At the core of this contemporary novel is a weak and aging grandfather, born in the Ukraine and fond of telling and re-telling stories of his ethnic heritage. He sends his three grandsons on a trip from their native Canada to the old country to find his place of birth, a village so small it doesn’t appear on any map. As events unfold, however, it seems the grandfather’s dreams for his family far exceed having them discover old places and hearing more old stories.
Five years after the trip to Ukraine, and following the death of his beloved grandfather, Mike Bennek sets down an account of the trip he took with his brothers, two other family members, and some friends. There’s all the usual sightseeing, but also, through contact with both the local peasants and the aristocracy, the travelers discover the country’s paradoxes and deep national pride and identity.

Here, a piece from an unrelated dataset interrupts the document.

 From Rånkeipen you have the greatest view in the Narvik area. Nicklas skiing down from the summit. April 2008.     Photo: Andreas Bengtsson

Assisting Mike in the search for his grandfather’s roots is the lovely aristocrat, Natasha, who has a genius for providing anything that’s needed, from a family tree to a stolen kiss in her office at the local inn. Natasha’s research into the Bennek family tree produces not just surprises about Mike’s grandfather’s heritage, but also an incredible link between Natasha’s ancestors and his own. What began with a mild flirtation and a history question is destined to bring the two together in the future in a very surprising way.

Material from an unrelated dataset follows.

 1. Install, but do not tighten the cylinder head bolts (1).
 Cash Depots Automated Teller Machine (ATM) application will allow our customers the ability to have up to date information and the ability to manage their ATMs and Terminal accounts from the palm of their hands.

Readers, however, will have to appreciate the poignancy of the story and its remarkable conclusion from within themselves, because this is relatively passionless recitation of an extraordinary tale. The writing is straightforward, with a lack of depth that would add to readers’ understanding of important issues. Similarly, the characters could use much more fleshing out. But make no mistake, there’s heart evident in the work, and a good story emerges for those able to look past the stylistic flaws.